What could have easily turned into a very bad last few days has actually been the wake up call I needed. Tuesday had its moments. E was late from coming home from his dad’s. I recently gave DB the opportunity to have another night to visit with E for a few hours. He accepted. All was well until E walked in the door forty-five minutes later than scheduled…on a school night! Not only was he starving, he hadn’t touched his homework, and needed a bath, BAD! Needless to say, I was not happy! Long story short…I sent a couple of texts asking for some help with these tasks and was totally shot down. Done deal. NO more school night visits with DB.
I tried.
Just as E finished his homework, I asked him to get the bath water running so I could prepare his jammies. Just as his naked little behind was entering the tub I heard a blood curdling scream, “MOOOOOMMMMM!!!” As I came barreling through the house to see what was the matter, E whipped up the lever to turn the tub water on and off…it was laying in the tub! Apparently it snapped off when he reached to turn it on and freaked out thinking the house would flood before I could figure out how to turn it off. I ran down to the basement and shut off the water supply and wrestled the valve with some needle-nose pliers. Once I got everything under control, and my little guy calmed, I rigged the valve so I could fill up the tub (still have a really dirty kid on my hands).

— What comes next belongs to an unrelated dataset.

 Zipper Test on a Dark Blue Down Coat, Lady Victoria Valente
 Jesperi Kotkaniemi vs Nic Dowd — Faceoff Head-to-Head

The next morning, my first message was to my sister to ask if I could borrow her husband that evening. She agreed! Let’s just say that I found the part today, after much searching around town. He is on his way there to repair said shower! Thank god for small favors, right?
Well, as I’ve mentioned I have been doing a ton of soul-searching for the last month or so. I made a decision I would do this the right way instead of not dealing with things, which has obviously not worked in the past. I pieced together some things in the last few days that made me aware that DB was back with his gf from a couple of months ago. His lack of empathy with regards to taking care of E on Tuesday made this blatantly clear. He seems to treat me worse than usual when he has another option. It is just his style. As is, preying on people who don’t love them selves very much in order to acquire what he craves…validation. Predictable to say the least.
Normally I would have had that feeling where your heart drops from underneath. You feel like you might lose it right then and there. Somehow, I didn’t. I felt relieved. Almost like I was happy. See, not long ago, I told him to take a flying leap. I was hip to what he was putting out there and it wasn’t long before I put my emotions aside to look at the big picture. Turns out, I was totally right! Not only did I save myself from having to dig out of that hole again, I saved my son from the torture of watching me go through that again. I finally have attained some self-respect and couldn’t be more pleased.
Then it hit me. Someone is going to have to go through what I have gone through. This made me incredibly sad. Sad because it is obvious that she must not feel great about herself to go back into that position to do the on/off thing with him again for the third time in a year (after he came crawling back to me towards the end of their ”relationship”, and pursued that for almost their whole break). Sad because she hears very negative things about me as I do not make life easy for DB. I do not put up with anything from him at all, anymore. I’m positive he makes this known. She has no clue about who he really is and he has made that very clear to me. She is very young. I feel bad…for her?
All I can say is I am grateful that I am finally learning the lessons I need to. I can’t say it hasn’t hurt, but the affirmation I have received has made it all worthwhile. No more hate and no more negativity. I wish everyone involved the best of luck…although I can probably predict what will happen next. At least I know I won’t be a part of it anymore. I am headed in a better direction now. One that consists of me raising my son and loving every single minute I get with him. Also, learning to love me and enjoy the time I have left, before it’s too late.